- [DATA BLOCK]
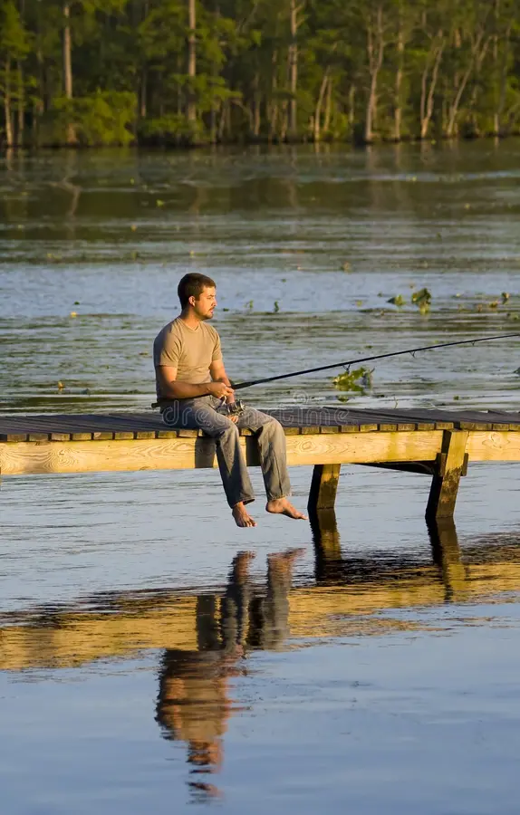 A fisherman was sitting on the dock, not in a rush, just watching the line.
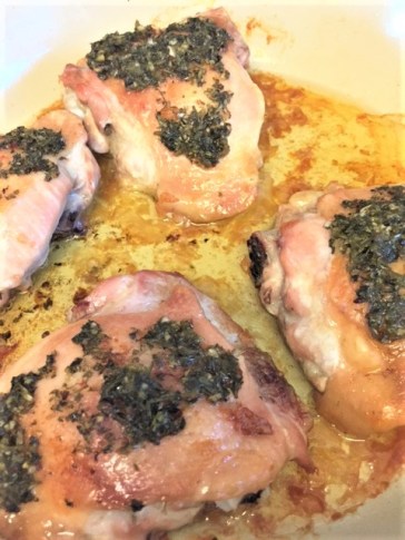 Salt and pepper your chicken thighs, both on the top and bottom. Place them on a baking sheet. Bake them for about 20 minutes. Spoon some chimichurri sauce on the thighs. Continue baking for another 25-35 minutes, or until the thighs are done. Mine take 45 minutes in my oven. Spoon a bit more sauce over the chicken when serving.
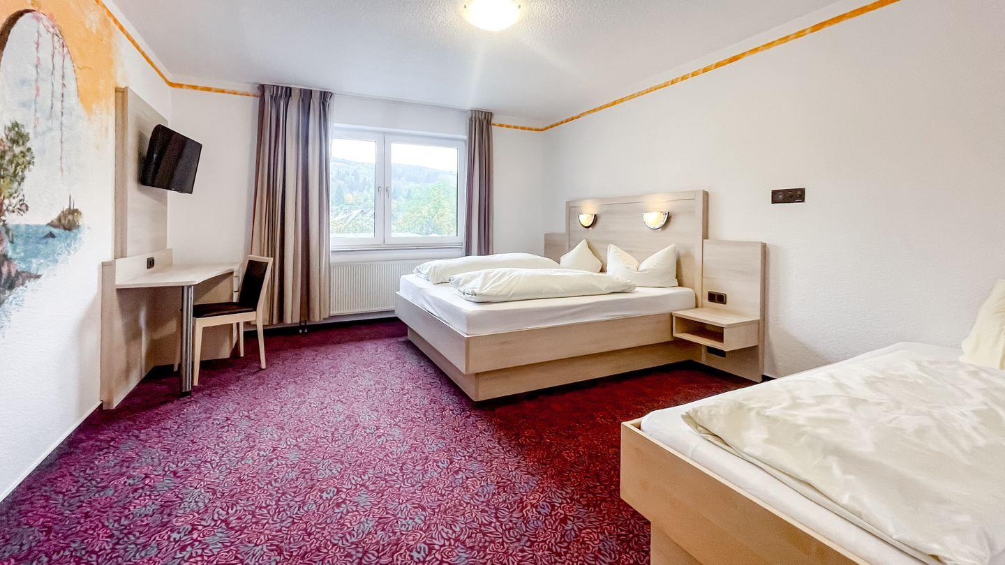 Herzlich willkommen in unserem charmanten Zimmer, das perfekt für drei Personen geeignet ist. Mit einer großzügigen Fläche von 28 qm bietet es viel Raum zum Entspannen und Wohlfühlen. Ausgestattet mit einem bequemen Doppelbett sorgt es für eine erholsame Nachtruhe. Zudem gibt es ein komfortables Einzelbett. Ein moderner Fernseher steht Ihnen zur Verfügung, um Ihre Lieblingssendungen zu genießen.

- [REQUIRED ACTION] Leave out the images and write out the listing above exactly.

- [RESPONSE TO THE TASK]
 A fisherman was sitting on the dock, not in a rush, just watching the line.
 Salt and pepper your chicken thighs, both on the top and bottom. Place them on a baking sheet. Bake them for about 20 minutes. Spoon some chimichurri sauce on the thighs. Continue baking for another 25-35 minutes, or until the thighs are done. Mine take 45 minutes in my oven. Spoon a bit more sauce over the chicken when serving.
 Herzlich willkommen in unserem charmanten Zimmer, das perfekt für drei Personen geeignet ist. Mit einer großzügigen Fläche von 28 qm bietet es viel Raum zum Entspannen und Wohlfühlen. Ausgestattet mit einem bequemen Doppelbett sorgt es für eine erholsame Nachtruhe. Zudem gibt es ein komfortables Einzelbett. Ein moderner Fernseher steht Ihnen zur Verfügung, um Ihre Lieblingssendungen zu genießen.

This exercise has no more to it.